Secretário Nacional de Justiça relata os desafios da deficiência visual
Cláudio de Castro Panoeiro conta como os livros mudaram a sua vida
Aos doze anos de idade, mesmo usando óculos, ele não conseguia mais ler um livro nem enxergar o quadro na sala de aula. Foi diagnosticado com retinose pigmentar, uma doença autoimune e degenerativa da retina que foi se agravando com o passar do tempo. Aconselhado a estudar numa escola especializada para deficientes visuais, deixou a família na Bahia e se mudou para o Rio de Janeiro, onde se matriculou no Instituto Benjamin Constant, referência de ensino para deficientes visuais. No início, os primeiros passos foram desafiadores. Saía de casa às 4h30 para chegar a tempo da aula, que começava às 7h20. Mas, aos poucos, foi se adaptando, sobretudo quando passou a andar com a ajuda de uma bengala. A sua salvação, conforme costuma contar, foi ter aprendido a ler em braile. “Mudou a minha vida”, conta o advogado da União Cláudio de Castro Panoeiro, atual secretário nacional de Justiça.
No ensino médio, quando foi transferido para o Colégio Pedro II, Panoeiro foi incentivado a ler, em média, seis livros por ano. Mas, dessa vez, não eram publicações em braile. O jovem estudante recorreu à ajuda de uma audioteca chamada Clube da Boa Leitura, formada por voluntários que gravavam uma série de textos de autores brasileiros como Machado de Assis, Aluísio de Azevedo e José de Alencar. Tudo de graça. Cada obra tinha, em média, 30 fitas armazenadas em caixas de sapato. “Me lembro de uma vez que precisava ler Madona de Cedro, de Antonio Callado, mas ele não estava disponível em gravação. Uma funcionária da biblioteca se dispôs a ler para mim, depois do expediente dela. E assim fui contando com a solidariedade de outras pessoas para chegar até a faculdade”, relembra o secretário nacional de Justiça.
Antes de prestar vestibular, os colegas de Panoeiro o aconselharam a optar pela graduação em engenharia. O jovem estudante agradeceu a sugestão fazendo troça: “Vou estudar engenharia e trabalhar com o quê? Quem vai contratar um engenheiro cego?”. Devido à sua afinidade com livros e às oportunidades abrangentes da área, escolheu Direito – e foi aprovado na Universidade Federal do Rio de Janeiro (UFRJ). “Foi um dos momentos mais difíceis. No ensino superior, eu não tinha nem prova tampouco livro adaptados para mim. Eu contava com a ajuda de um estudante indicado pela universidade”, conta ele, reforçando que fez questão de escolher um aluno de outro curso para não haver qualquer suspeita de eventual favorecimento.

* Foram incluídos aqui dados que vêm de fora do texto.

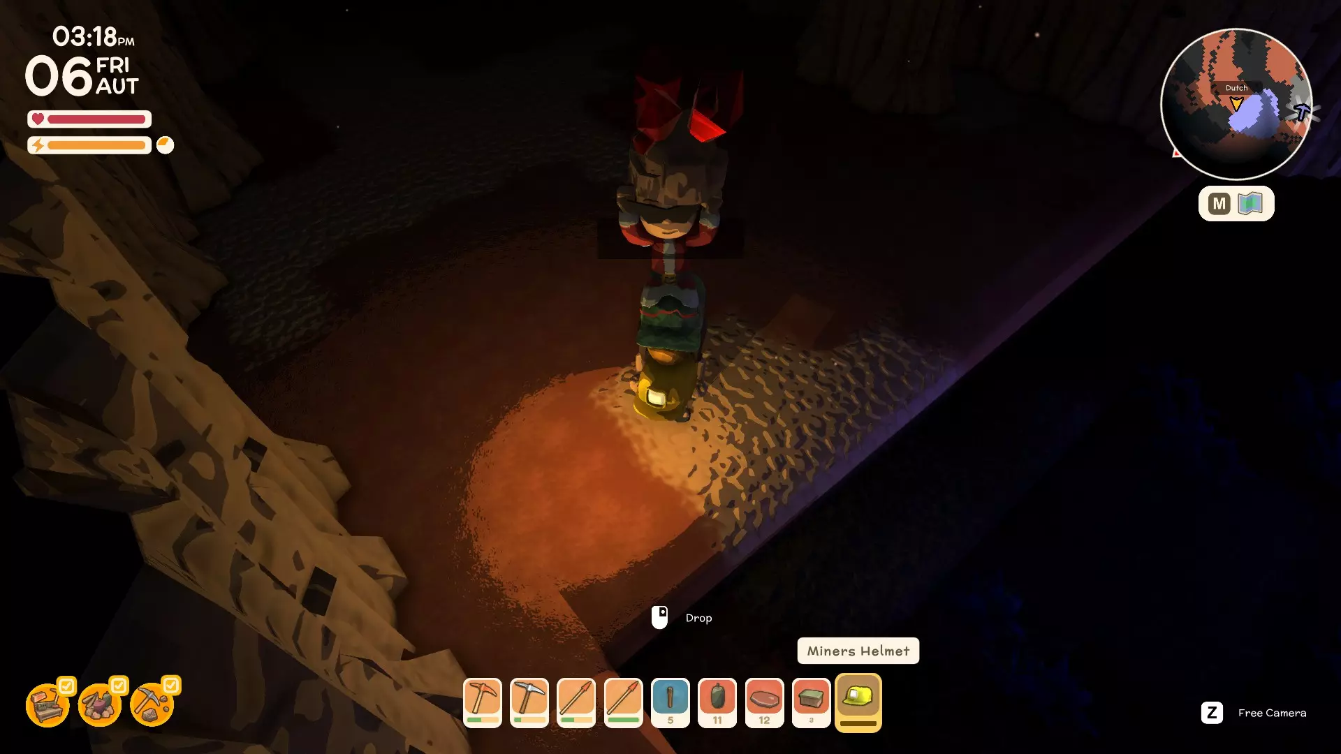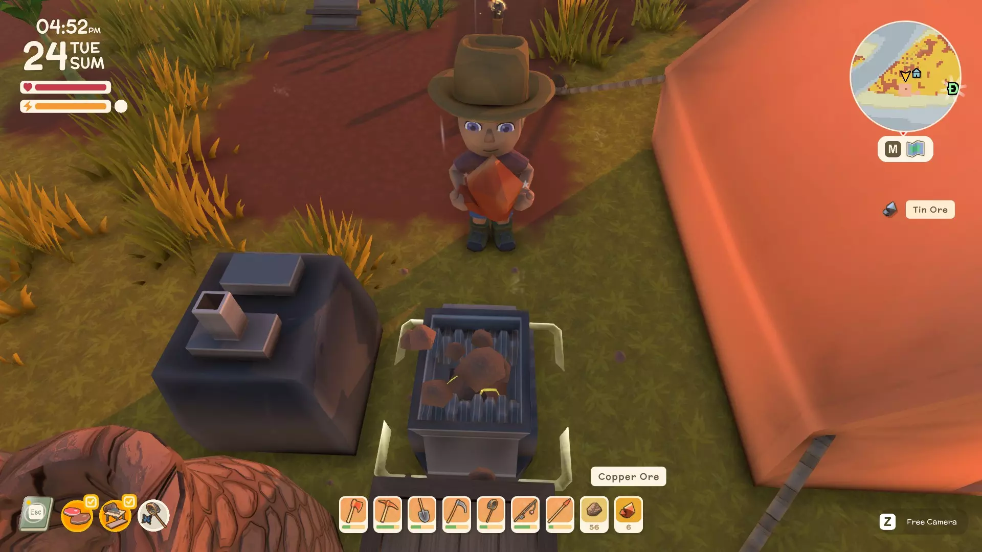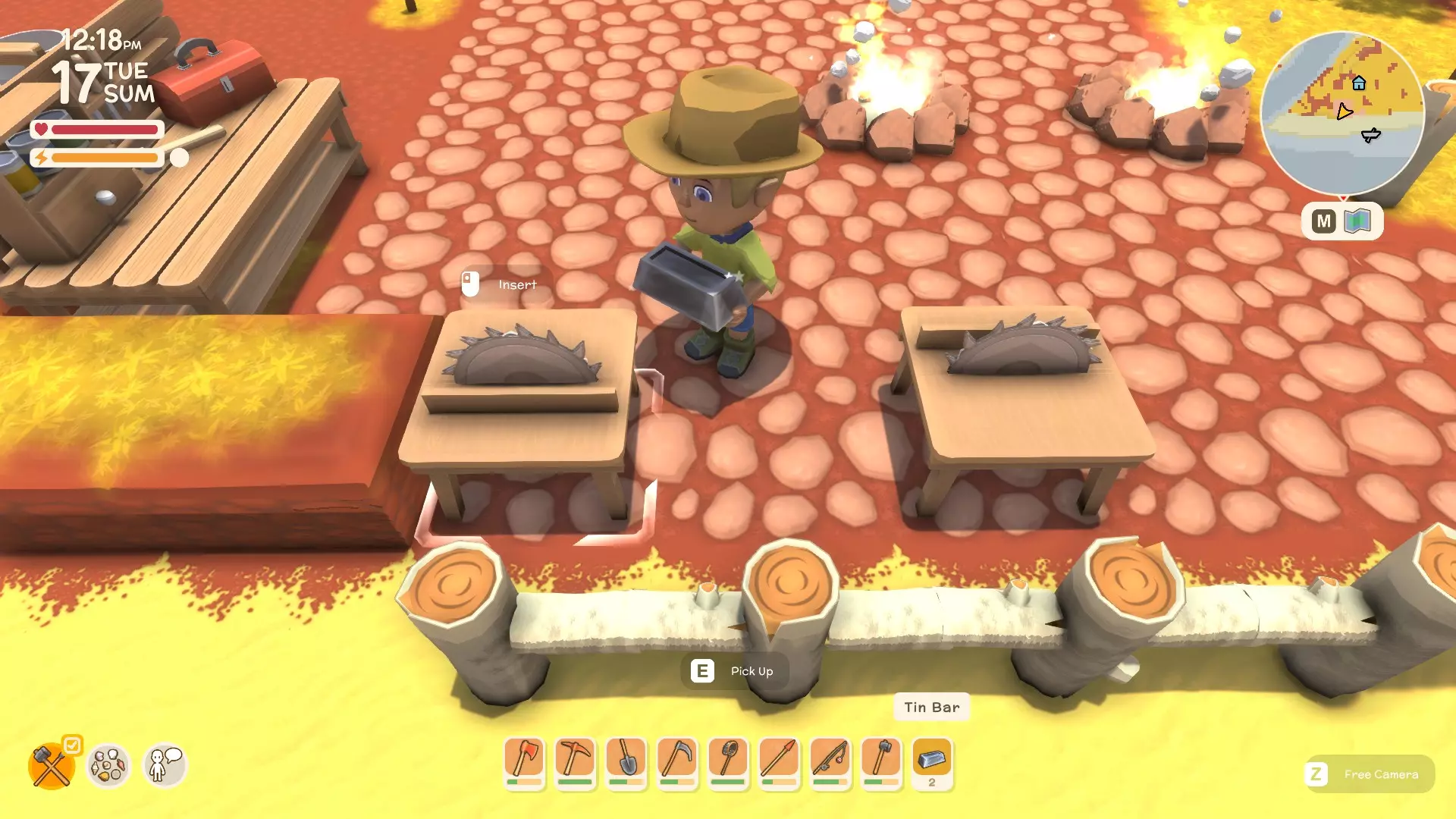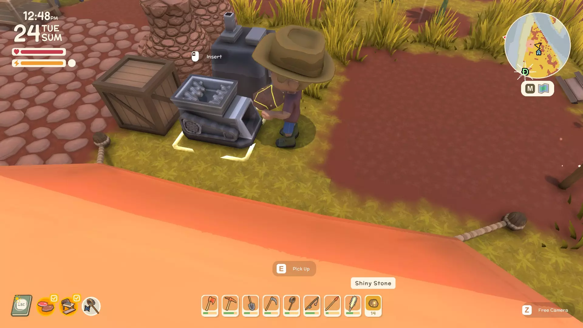 使用镐子采矿! 基础镐 - 可开采小型石头、铁矿、铜矿、石英晶体矿点以及木桶。 铜镐 - 可开采上述所有资源,还包括大型灰色岩石构造(这些可产出锡、铁、石头、铜、石英)。 用镐子获取骨头! 用捕虫网捕捉虫子!希望本指南对你有所帮助,祝你度过愉快的一天! 用长矛狩猎! 用镰刀收集草籽! 镰刀拥有3格宽的攻击范围,使用时要充分利用这一点,让每一次挥舞都发挥最大效果。这在清理你想要建造的区域并使其看起来整洁时非常有用。 例如:如果你挥舞100次,你是想击中100个目标,还是300个?所以要充分利用镰刀的耐久度。使用镰刀采集三齿稃丛! 制作三齿稃树脂! 在熔炉中熔炼矿石! 你可以在熔炉中熔炼(熔化)矿石(锡、铜等)以获得金属锭,但需要将矿石放入快捷栏,然后走到熔炉旁,逐个将矿石放入熔炉中。矿石需要一分钟左右才能熔炼成金属锭,因此请耐心等待。 对于其他矿石,你需要从约翰的商店购买升级后的熔炉才能进行熔炼。希望本指南对你有所帮助,祝你度过愉快的一天! 采矿头盔 - 全面解析!(更新中) 采矿头盔 - 电量有限,但能提供光源,让你在夜间看得更清楚。注意合理使用灯光,避免电量浪费。

Após se formar, Panoeiro percebeu que seria inviável disputar uma vaga em um escritório de advocacia, já que o custo da sua adaptação no ambiente de trabalho seria elevado. Decidiu, então, prestar concursos públicos. Foi aprovado para trabalhar no Tribunal de Justiça do Rio de Janeiro. Alguns anos depois, em 2004, passou na Advocacia-Geral da União (AGU). Para exercer a sua função, contava com a ajuda de um estagiário, de amigos e familiares. “O meu maior desafio era interagir com documentos e processos físicos”, relembra ele. Com o passar do tempo, Panoeiro começou a se destacar na área de reintegração de posse de imóveis. Em 2010, foi convidado para fazer uma sustentação oral no Superior Tribunal de Justiça (STJ), a primeira realizada por um deficiente visual.

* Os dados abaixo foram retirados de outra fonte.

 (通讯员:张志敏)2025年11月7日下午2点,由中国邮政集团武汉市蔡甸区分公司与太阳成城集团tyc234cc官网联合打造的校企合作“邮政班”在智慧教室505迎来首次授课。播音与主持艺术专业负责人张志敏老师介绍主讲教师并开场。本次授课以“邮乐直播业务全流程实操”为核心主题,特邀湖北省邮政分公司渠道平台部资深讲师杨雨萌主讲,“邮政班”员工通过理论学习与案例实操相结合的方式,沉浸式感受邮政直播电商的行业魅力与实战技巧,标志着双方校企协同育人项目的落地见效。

Três anos depois, o advogado da União se mudou para a Espanha, onde fez mestrado e doutorado na Universidade de Salamanca, uma das mais tradicionais da Europa. Foi aprovado, com nota máxima e louvor. Voltou ao Brasil em fevereiro deste ano. Em maio, recebeu um convite do ministro da Justiça, André Mendonça, para assumir a Secretaria Nacional de Justiça, uma área estratégica que coordena diversas políticas públicas, da classificação indicativa de filmes à recuperação de recursos desviados no exterior. Em sua nova função, em que conta com a ajuda de colegas da pasta, Panoeiro está desenvolvendo um projeto para tornar os sites de Justiça mais acessíveis aos deficientes visuais. Ele quer que outras pessoas como ele possam voar ainda mais alto.